Bacterial cells come in a wide variety of shapes and sizes. Within a given class, however, cells typically grow and divide in such a way as to maintain the particular shape and size distribution programmed by their genome. Research in my laboratory is focused on understanding how these programs are executed by uncovering the molecular mechanisms organizing cell envelope assembly and promoting cell division. The general problems we wish to address are: i) how the synthetic machineries that make the cell membrane, cell wall (peptidoglycan), and other envelope layers are coordinated in space and time to construct a cell with uniform shape, ii) how the cell division machinery drives the invagination of the cell envelope and builds the new daughter cell poles, and iii) how cells know where and when to divide in the first place. A multidisciplinary approach including genetics, biochemistry, microscopy, and genomics will be taken to address these questions using the Gram-negative rod Escherichia coli as our primary model bacterium. Ideally, our work will not only help further our understanding of fundamental aspects of bacterial cell biology, but will also provide new avenues with which to short-circuit the bacterial growth program for potential therapeutic intervention.

Current Projects

Division-site placement: To begin the division process, the bacterial tubulin protein FtsZ polymerizes into a dynamic ring-like structure just underneath the cell membrane at the prospective site of fission. This Z-ring then recruits a host of additional division proteins to organize the assembly of a multi-protein molecular machine that promotes cytokinesis. We recently identified SlmA as a chromosome-associated, FtsZ-interacting protein that controls Z-ring placement and helps prevent cells from dividing over their chromosomes. Genetic, cell biological, biochemical, and genomic experiments are now underway to further explore SlmA function and the mechanism by which it regulates Z-ring assembly. Additional global genetic screens will also be performed to help us discover other regulators governing the timing and placement of Z-ring assembly.
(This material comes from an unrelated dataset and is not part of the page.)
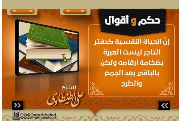 إن الحياة النفسية كدفتر التاجر ليست العبرة بضخامة أرقامه ولكن بالباقي بعد الجمع والطرح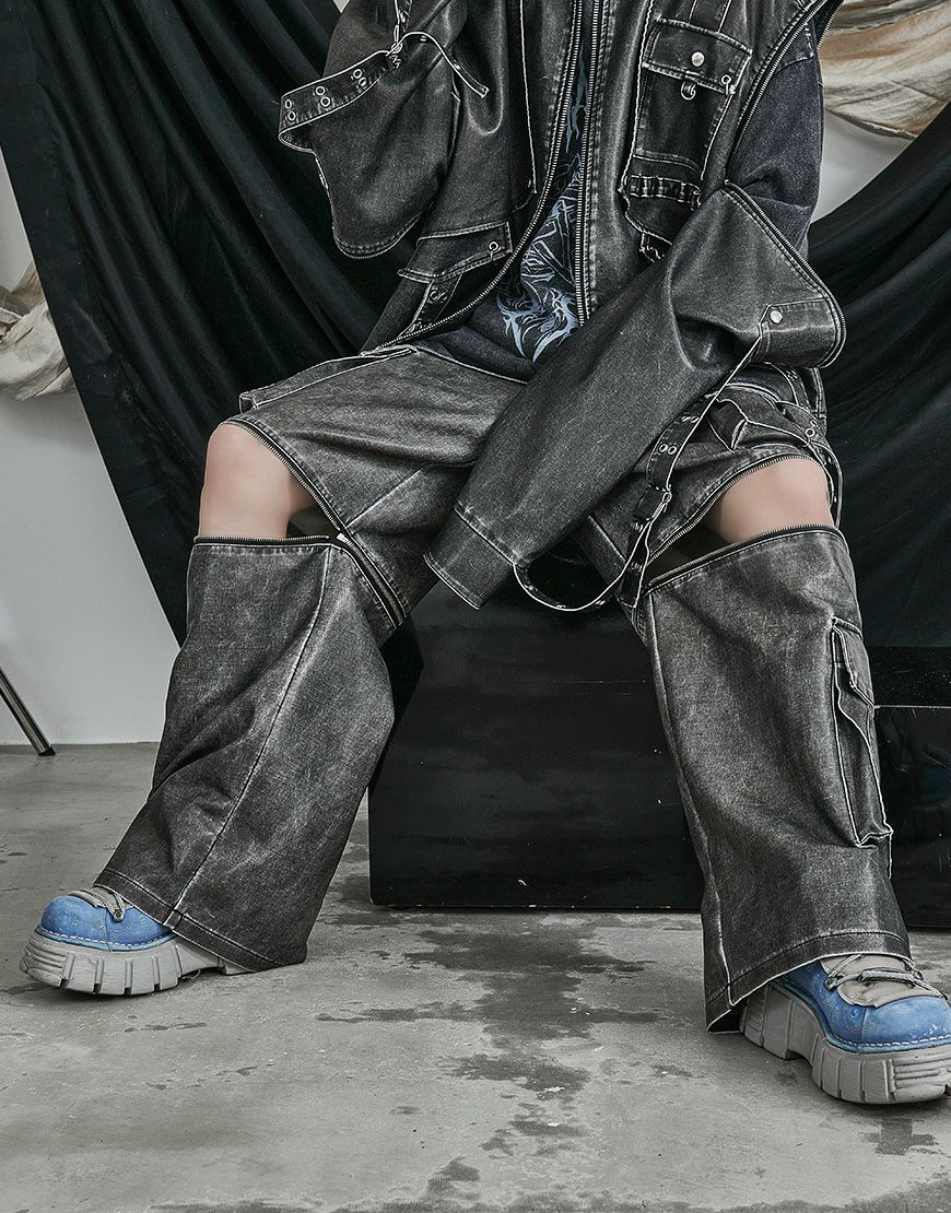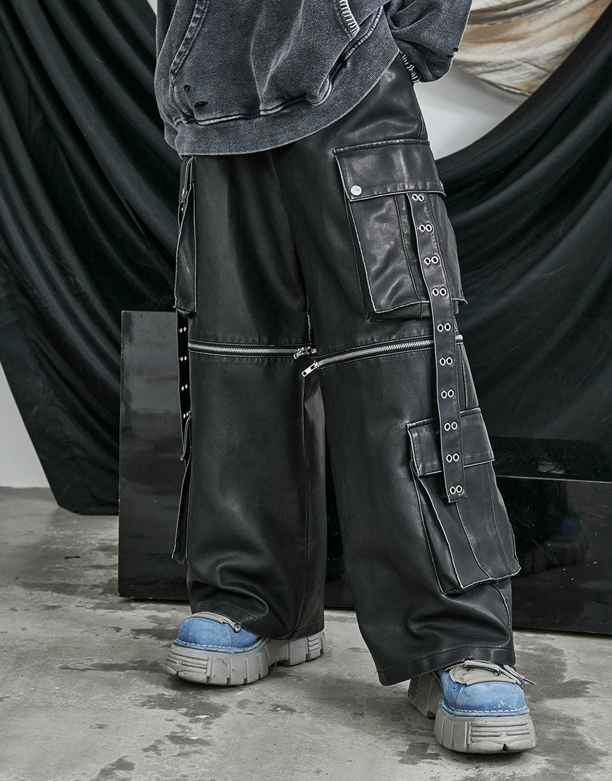 ililil 2way gimmick synthetic leather cargo pants 2wayヴィンテージ加工合成皮革カーゴパンツ/全2色

Peptidoglycan synthesis and remodeling: Most bacteria surround themselves with a crosslinked polysaccharide called peptidoglycan (PG) or murein. This PG layer is essential for the integrity of most bacterial cells with any breach in its continuity leading to rapid cell lysis and death. In addition to its essentiality, PG is unique to the bacterial world, and many of the enzymes required for its assembly are surface exposed. These properties make PG synthesis an ideal target for antibacterial agents. Indeed, many of our most successful antibacterial therapies target PG production (penicillin and vancomycin, for example).
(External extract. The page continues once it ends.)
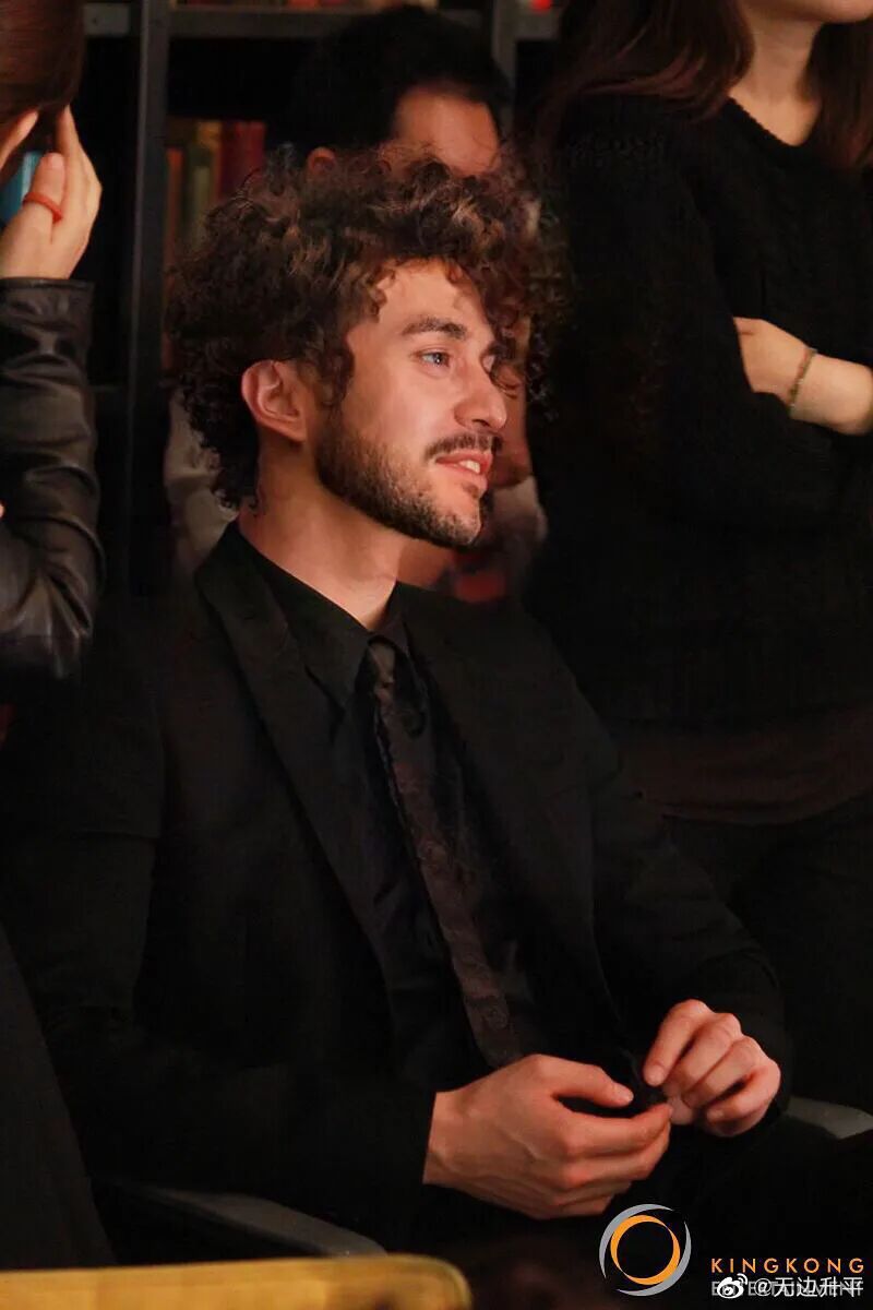 再普通不过的白色衬衫,带了飘带设计以后,配上他的浪漫卷发,突然有了贵族feel。

Construction of the PG layer requires enzymes that make the polysaccharide strands (transglycosylases) and enzymes that form the peptide crosslinks (transpeptidases). Adding new material to the existing PG structure is also thought to require the action of murein hydrolases, enzymes that break PG linkages. The E. coli genome codes for over thirty potential murein hydrolases. In all but a few cases, the physiological role(s) of these enzymes are unknown. In addition, it is unclear how the activities of these enzymes are held in check to prevent uncontrolled PG degradation and cell lysis. To better understand the function of these enzymes and their potential role(s) in PG assembly and remodeling, we are currently taking advantage of new cell biological tools to study their subcellular localization in addition to initiating genetic and biochemical studies to define their precise enzymatic activities and how they may be regulated.